Oleh karena itu adanya UPT ULD ini mempunyai tujuan sebagai berikut :

  1. untuk memberikan layanan pendukung dalam memperlancar pelaksanaan pendidikan inklusi di SPPI.
  2. Membantu layanan diklat peningkatan kompetensi Guru Kelas dan Guru Mapel dalam pendampingan ABK,
  3. Membantu layanan diklat vokasional bagi ABK,
  4. Membantu layanan asesmen bagi ABK.

                  Kompleksitas dalam pengelolaan Pendidikan Inklusi berpengaruh kepada beban kerja dari organisasi perangkat daerah (dinas) yang membidangi Pendidikan inklusi. Peningkatan beban kerja tersebut dapat berpengaruh pada kinerja pelayanannya. Agar kinerja pelayanan  pendidikan inklusi berjalan   optimal,  Dinas Pendidikan   mengusulkan untuk membentuk  unit  pelaksana  teknis  pada  Dinas Pendidikan  untuk  melaksanakan  sebagian  tugas  dan  fungsi kegiatan teknis operasional Pendidikan Inklusi. Hal ini yang disebut sebagai pemisahan fungsi regulator dan operator.

Regulator adalah pihak yang mengembangkan kebijakan, norma, dan standar, bagi pelaksanaan pelayanan publik. Regulator kemudian juga melakukan fungsi pengawasan dan pengendalian agar pelaksanaan  pelayanan  publik  bisa  berjalan  sesuai  koridor  yang  telah  ditetapkan.  Sedangkan operator adalah pelaksana pelayanan/ pelaksana tugas teknis operasional yang melakukan perencanaan dan implementasi kegiatan sesuai arahan dari regulator.

Pemerintah Daerah melalui Perangkat Daerah yang memiliki kewenangan dalam bidang pendidikan dalam melaksanakan kegiatan  teknis operasionalnya dapat membentuk unit pelaksana teknis, hal ini sesuai dengan Peraturan Pemerintah No 18 Tahun 2016 tentang Organisasi Perangkat Daerah, serta Peraturan Menteri Dalam Negeri No 56 Tahun 2010 tentang Perubahan atas Permendagri No 57 Tahun 2007 tentang Petunjuk Teknis Penataan Organisasi Perangkat Daerah.
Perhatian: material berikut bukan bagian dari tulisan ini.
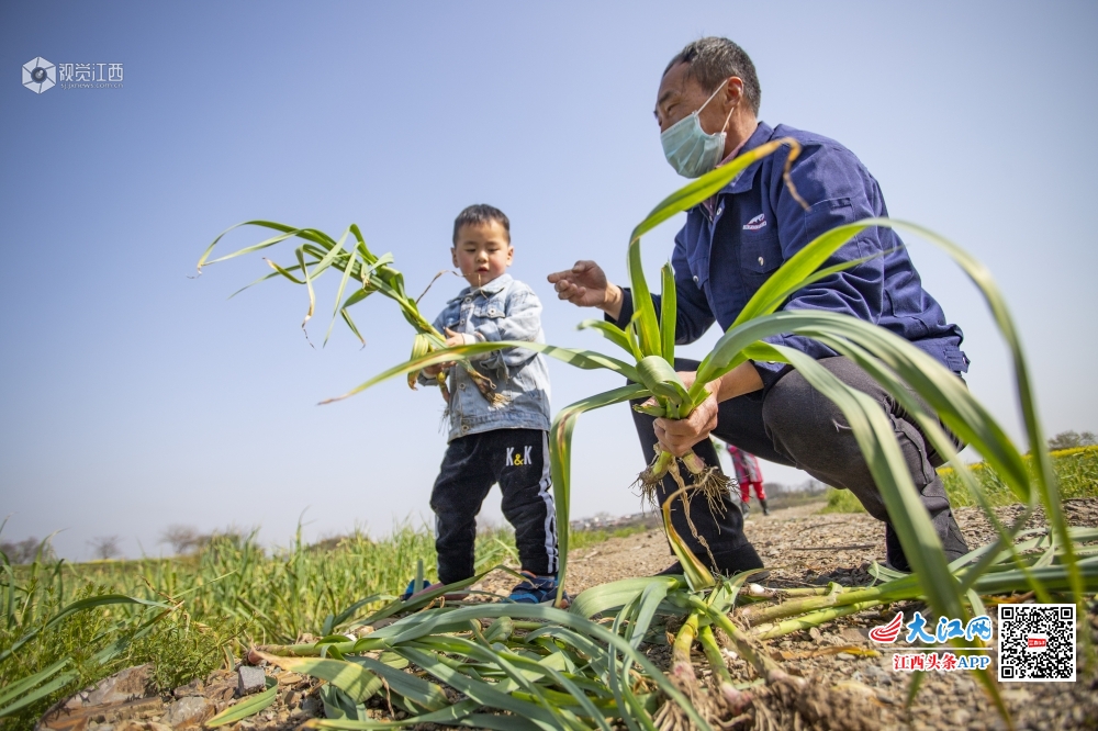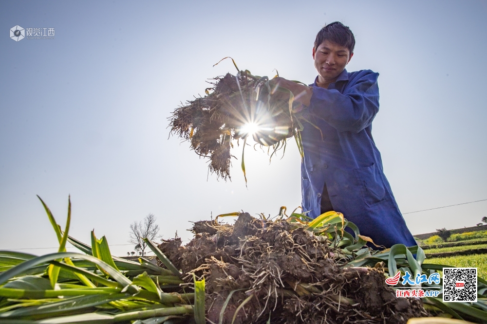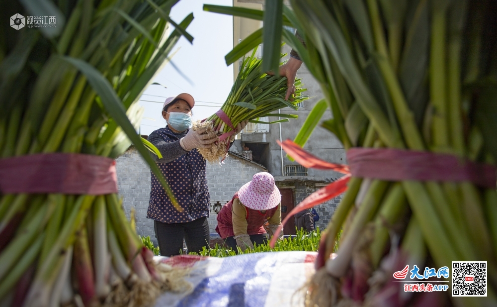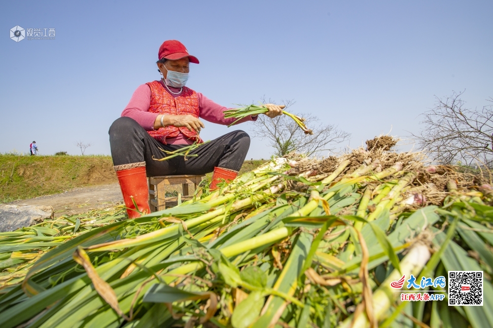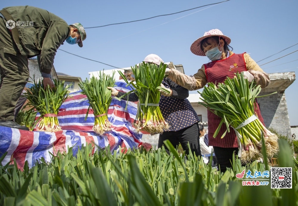 2020年3月15日,江西省九江市湖口县大垅乡产业扶贫基地400余亩大蒜采收销售忙。眼下正是大蒜丰收时节,在做好疫情防控的同时,当地组织指导农户有序开展大蒜采收和销售,通过网络线上销售搭建起扶贫产业与外界联通的桥梁,助推脱贫攻坚和乡村振兴。
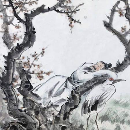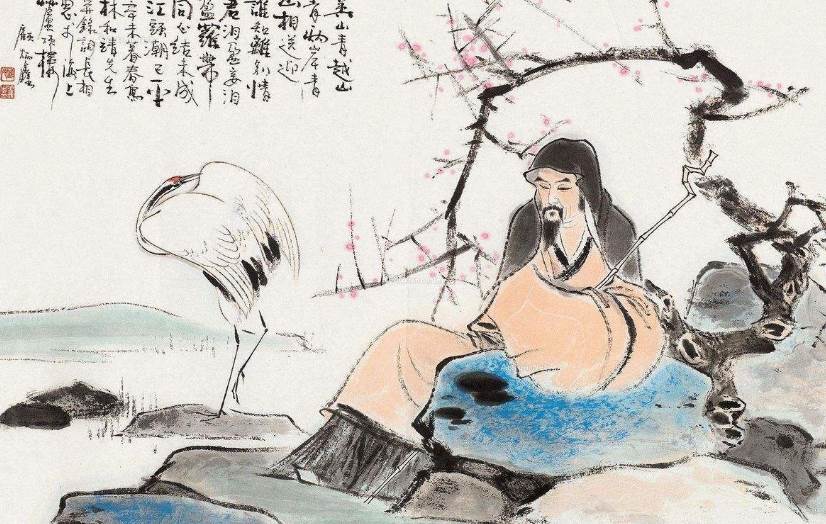 自称梅花是自己的妻子,白鹤是自己儿子的诗人是宋代诗人林逋。比喻隐逸生活和恬然自适的清高情态,也是中国传统绘画的常见题材之一。出自宋·沈括《梦溪笔谈·人事二》:“林逋隐居杭州孤山,常畜两鹤,纵之则飞入云霄,盘旋久之,复入笼中。逋常泛小艇,游西湖诸寺。有客至逋所居,则一童子出应门,延客坐,为开笼纵鹤。良久,逋必棹小船而归。盖尝以鹤飞为验也。”
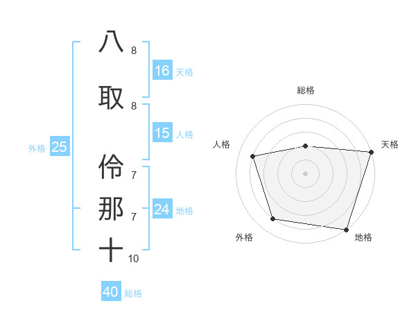 八取 伶那十さんの天格は16画の5点!
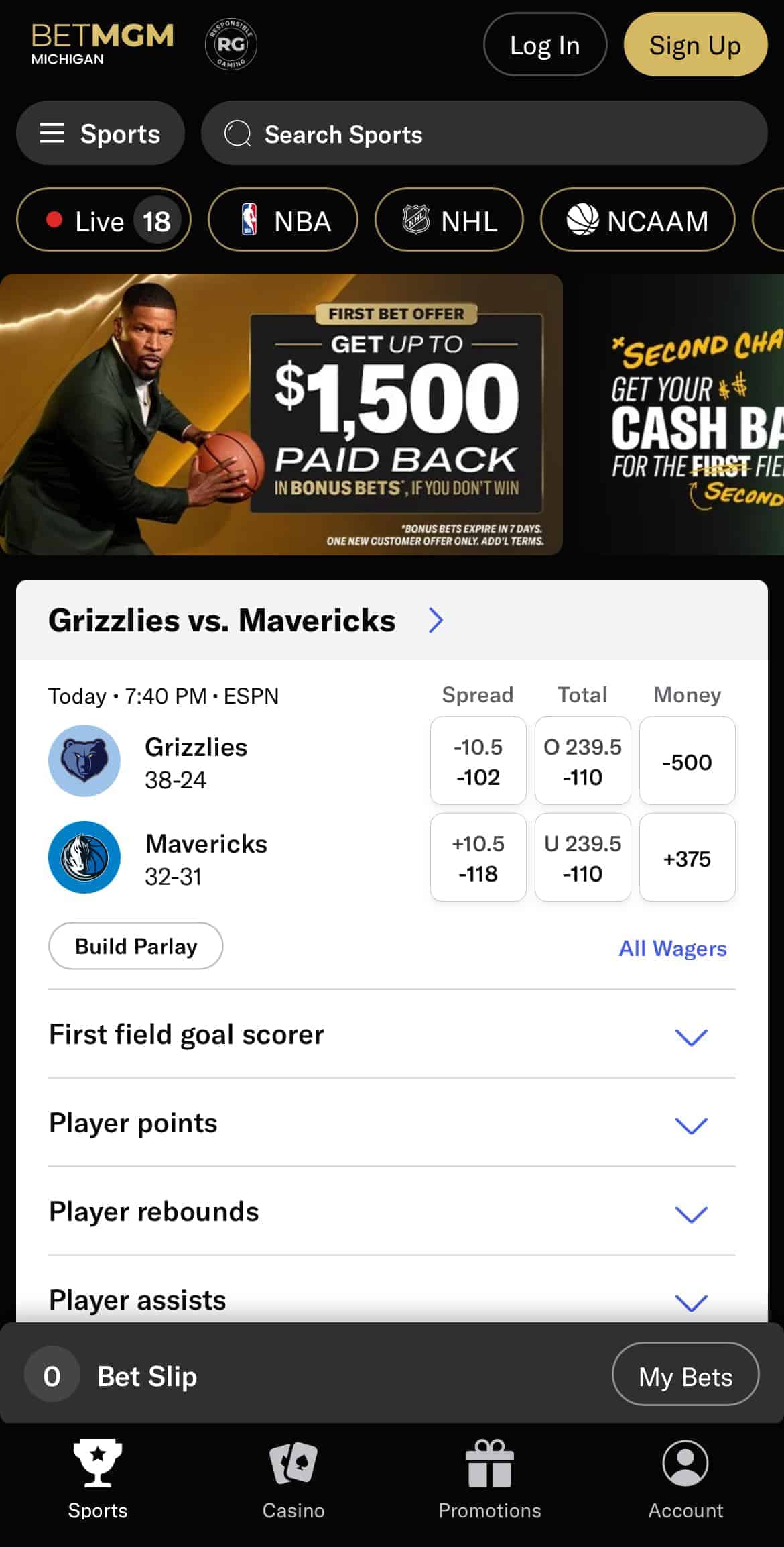 | 🎁 BetMGM MI Bonus | Bet $10, get $150 if first bet wins |

Pemerintah Kota Yogyakarta melalui Dinas Pendidikan mengajukan pembentukan UPT ( Unit Pelaksana Teknis ) Unit Layanan Disabilitas (ULD) Kota Yogyakarta,  dimana pelayanan pengelolaan pendidikan inklusi dari tahun 2008 – 2015 menjadi tanggung jawab Seksi (Kasi) Manajemen Sekolah Bidang Pendidikan Dasar dan pada tahun 2016-2017 saat ini menjadi tanggung jawab Kepala Bidang Pembinaan SMP  Dinas Pendidikan Kota Yogyakarta. Idealnya pelayanan Pendidikan Inklusi dilaksanakan lebih serius , tidak sekedar dititipkan pada salah satu seksi atau bidang saja. Oleh karena itu adanya suatu UPT Layanan Disabilitas Bidang Pendidikan dan Resource Centre menjadi harapan semakin meningkatnya kualitas layanan pendidikan iklusi di Kota Yogyakarta.

 

Harapan

Seiring dengan makin meningkatnya tuntutan pelayanan kepada masyarakat Kota Yogyakarta terhadap pelayanan pendidikan inklusi, maka pemisahan peran regulator dan operator sudah sangat mendesak untuk dilaksanakan, maka pembentukan UPT Unit Layanan Disabilitas Kota Yogyakarta dirasakan sangat urgen untuk segera diwujutkan.

 

*Drs. Aris Widodo, M Pd , Kepala Unit Layanan Disabilitas Bidang Pendidikan dan Resource Centre.